I admit that watching me noodle around with oxymorona isn't quite what draws people here, but Typepad lost its head a little yesterday and wouldn't let me post anything new. If nothing else, however, you can see why that entry never made it all the way to the blog. Every week or so I would think of another oxymoron and incorporate it into the story. It was less of a post and more of a hobby.
In other words, I'll resume stoning Adam tonight. (Because in the end, you and I both know you're here for the violence.) However, I'll leave my little experiment below the fold. You're more than welcome to edit sections of the text so to include more oxymorons I haven't thought of. (The result could be our very own Whole Family.)
She left the industrial park, boarded the elevated subway and cursed that so-called benevolent despot for firing her. Spinning the fate of a company that'd grown smaller for the better part of a decade was hardly easy.
Her assistant Jim had written a damned good speech, but that bankrupt millionaire whose benign neglect had put the company in jeopardy had rearranged Jim's talking points in some random order. She couldn't even understand it anymore. She thought aloud:
"'Negative growth'? He's upset I didn't say 'negative growth'? I'll show that old boy negative growth!"

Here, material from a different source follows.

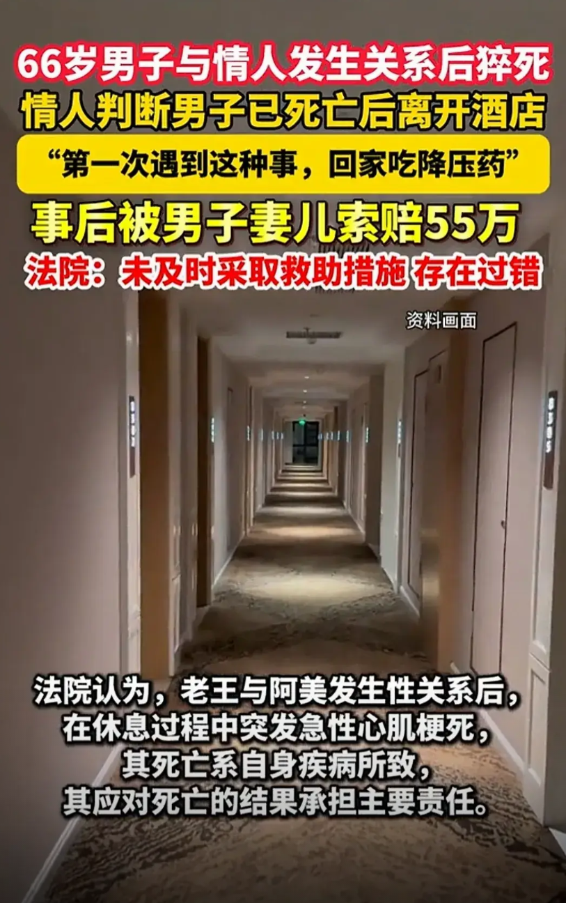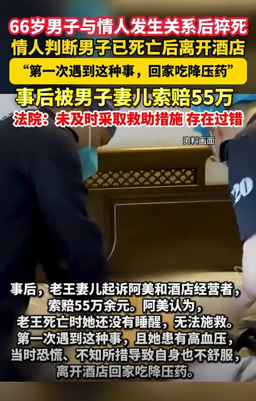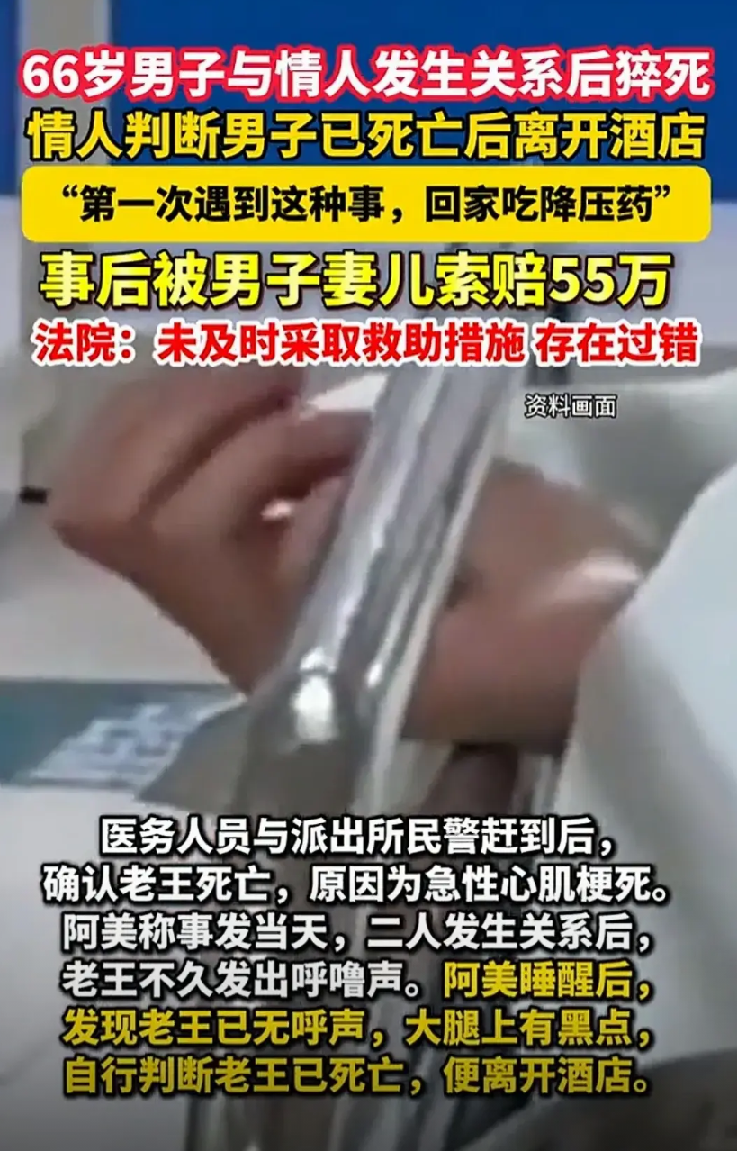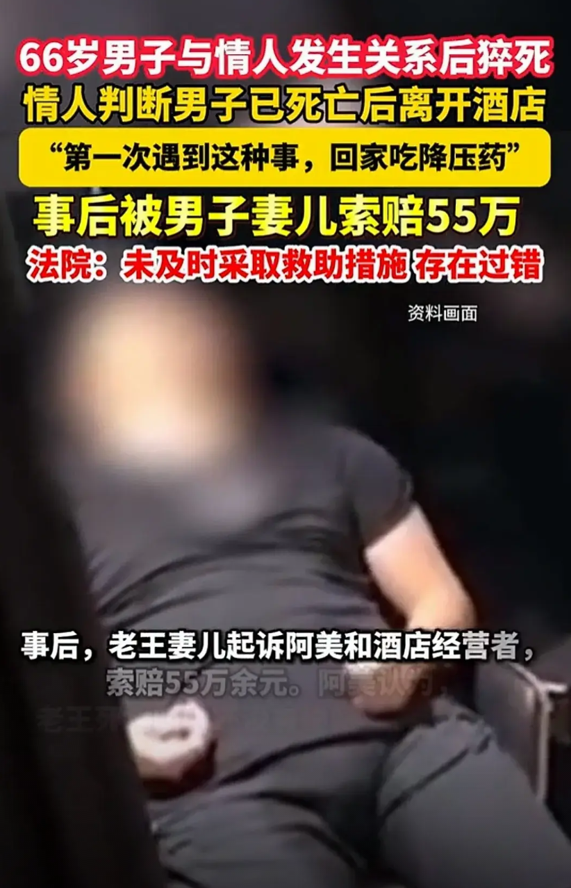 66岁的老人和情人发生性关系后死亡,情人被家属起诉到法院,索赔55万。

Composing herself, she thought "Perhaps I shouldn't have insisted on reading from the original copy instead of the final draft." As the El pressed forward with deliberate speed she spoke to her reflection in the window:
"You may be flat busted but you're a fighter. A light heavyweight, certainly, but a brawler. You won't end up in a mobile home eating freezer-burned White Castle Hamburgers. You're terribly good at what you do and if worse comes to worst you still look damn fine barely-clothed even if you are flat-busted. He can shove his business ethics and airline food and 'Bald is Beautiful' routine where no sun shines."
She knew the odds of him finding a suitable replacement were astronomically small. Firing her was a calculated error that honest thief would regret in the near future. She'd write the true story behind that functional alcoholic's rise to power. She knew that since his idiot savant of a sister died the office had been in a state of organized chaos. It was an open secret that without Beth Ann around things would get pretty ugly pretty quickly.
She should cash in before it became old news, she thought to herself as the train rapidly decelerated. She felt numb. As she walked into the bright night she felt cautiously optimistic about her future. She wouldn't crash land. She would don her designer jeans and make from this dark day a killing on the corporate memoir market.
As she kicked aside the doorstop, she assured herself that this time the final version would be hers. Unfortunately God hated her. She died where she stood. Her cats were sad.
God chuckled to Himself about His Mysterious Ways and decided to let the genocide in the Sudan continue. "I'm such a just God," He silently thundered to Himself.